Jon Snow preßte seine Lippen grimmig zusammen.»Wenn es so ist, dann ist es eben so.«
Tyrion grinste ihn an.»Das ist gut, Bastard. Die meisten Menschen würden eine schwere Wahrheit eher leugnen, als sich ihr zu stellen.«
«Die meisten Menschen«, sagte der Junge.»Nur Ihr nicht.«
«Nein«, gab Tyrion zu,»ich nicht. Ich träume auch nur noch selten von Drachen. Es gibt keine Drachen. «Er sammelte das heruntergefallene Bärenfell auf.»Komm, wir sollten besser im Lager sein, bevor dein Onkel zu den Fahnen ruft.«
Der Weg war nur kurz, doch der Boden war uneben, und als sie ankamen, hatte Tyrion schwere Krämpfe in den Beinen. Jon Snow bot ihm eine Hand an, um ihm über ein dichtes Gewirr von Wurzeln zu helfen, doch Tyrion lehnte ab. Er wollte seinen Weg allein gehen, wie er es sein Leben lang getan hatte. Dennoch war ihm das Lager ein willkommener Anblick. Die Unterstände waren an der baufälligen Wand einer lange verlassenen Festung errichtet worden. Die Pferde waren gefüttert, und ein Feuer brannte. Yoren saß auf einem Stein und häutete ein Eichhörnchen. Der würzige Duft von Eintopf zog in Tyrions Nase. Er schleppte sich zu seinem Leibdiener Morrec, der im Topf rührte. Wortlos reichte Morrec ihm die Schöpfkelle.»Mehr Pfeffer«, sagte er.
Benjen Stark trat aus dem Unterstand, den er sich mit seinem Neffen teilte.»Da bist du ja, Jon, verdammt noch mal, du solltest nicht allein losgehen.
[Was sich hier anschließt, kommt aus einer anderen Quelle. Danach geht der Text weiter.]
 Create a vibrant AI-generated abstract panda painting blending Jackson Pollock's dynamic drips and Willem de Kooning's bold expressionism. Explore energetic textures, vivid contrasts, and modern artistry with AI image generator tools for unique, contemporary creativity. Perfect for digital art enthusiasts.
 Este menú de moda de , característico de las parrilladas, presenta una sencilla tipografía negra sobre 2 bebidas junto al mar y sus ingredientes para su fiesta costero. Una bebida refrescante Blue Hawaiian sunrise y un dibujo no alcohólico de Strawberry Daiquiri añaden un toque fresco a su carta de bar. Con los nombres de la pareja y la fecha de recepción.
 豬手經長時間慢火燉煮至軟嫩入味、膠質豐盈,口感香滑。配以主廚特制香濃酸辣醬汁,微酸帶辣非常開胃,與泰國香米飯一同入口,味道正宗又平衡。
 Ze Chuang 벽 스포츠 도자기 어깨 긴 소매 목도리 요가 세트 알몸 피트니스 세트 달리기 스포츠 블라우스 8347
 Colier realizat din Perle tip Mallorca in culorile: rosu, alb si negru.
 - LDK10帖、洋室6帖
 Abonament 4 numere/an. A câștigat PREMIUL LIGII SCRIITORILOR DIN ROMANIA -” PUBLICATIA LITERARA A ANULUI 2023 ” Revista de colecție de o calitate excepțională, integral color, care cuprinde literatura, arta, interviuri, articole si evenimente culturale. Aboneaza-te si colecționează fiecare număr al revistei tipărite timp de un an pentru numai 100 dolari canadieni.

Ich dachte schon, die Anderen hätten dich geholt.«
«Es waren die Grumkins«, erklärte Tyrion lachend. Jon Snow lächelte. Stark warf Yoren einen verdutzten Blick zu. Der alte Mann brummte, zuckte mit den Achseln und machte sich wieder an sein blutiges Werk.
Das Eichhörnchen brachte etwas Fleisch in den Eintopf, und den aßen sie an diesem Abend mit schwarzem Brot und hartem
Käse, während sie um das Feuer saßen. Tyrion ließ seinen Weinschlauch herumgehen, bis selbst Yoren milder gestimmt war. Einer nach dem anderen zog sich zum Schlafen in seinen Unterstand zurück, alle bis auf Jon Snow, der die erste Wache der Nacht gezogen hatte.
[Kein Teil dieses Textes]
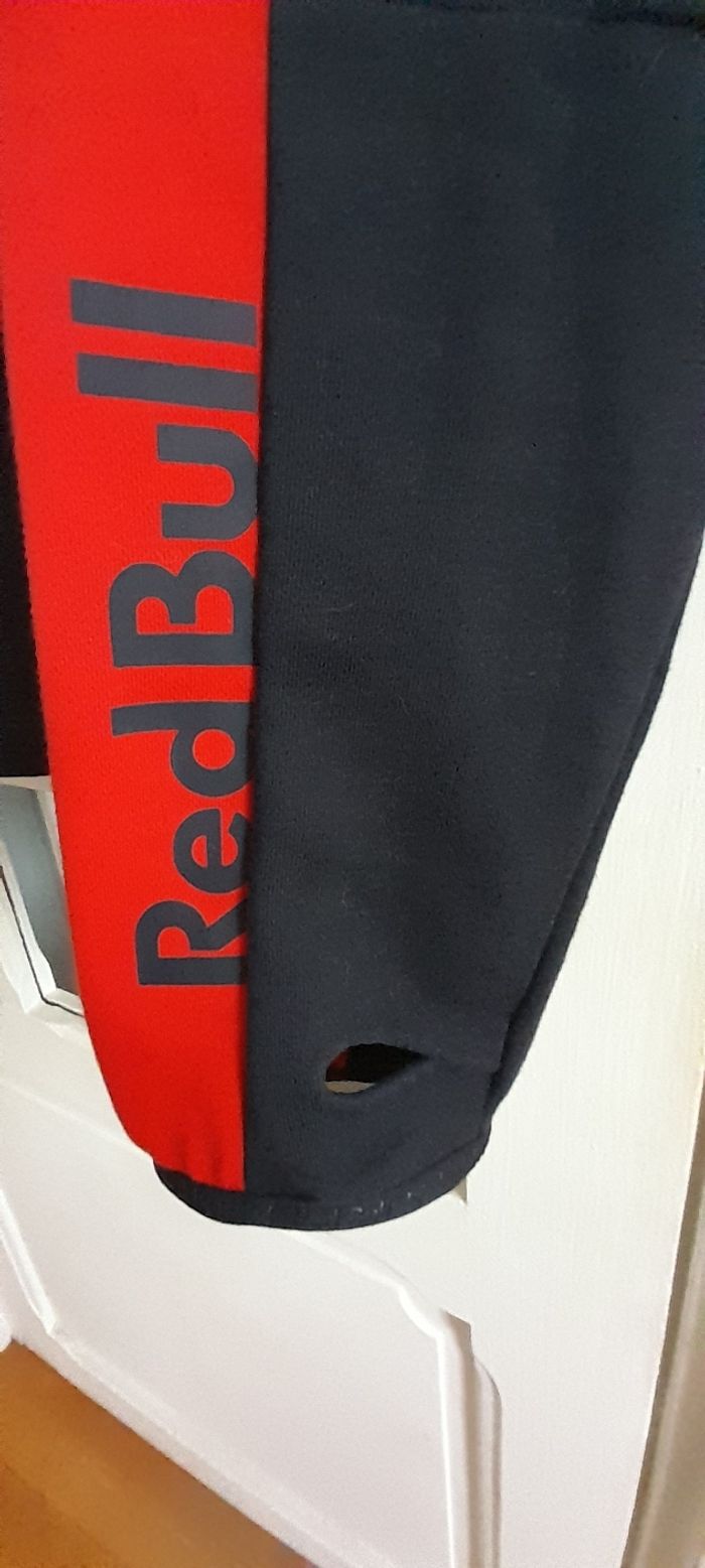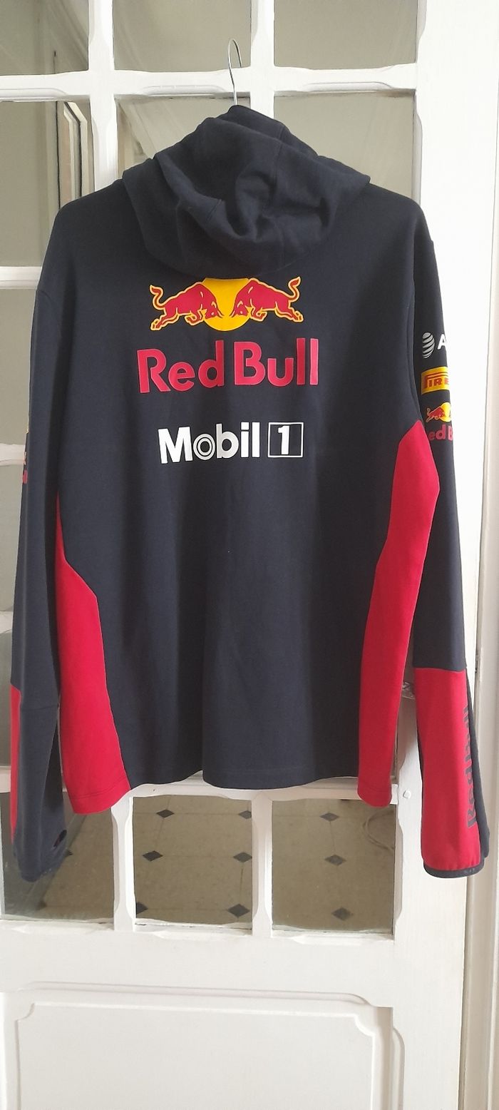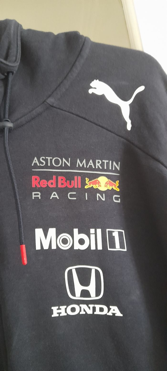 Veste Puma taille XL Couleur noir et rouge avec logos Attache central fermeture éclair 2 poches devant 2 poches intérieure Capuche avec cordon Manches longues avec trou pour doigts 69 % coton et 31 % Polyester Quasi neuf très peu porté

Tyrion zog sich als letzter zurück, wie stets. Als er den Unterstand, den seine Männer für ihn errichtet hatten, betrat, hielt er kurz inne und sah sich nach Jon Snow um. Der Junge stand am Feuer, mit stiller, harter Miene, und blickte starr in die Flammen.
Tyrion Lannister lächelte traurig und ging zu Bett.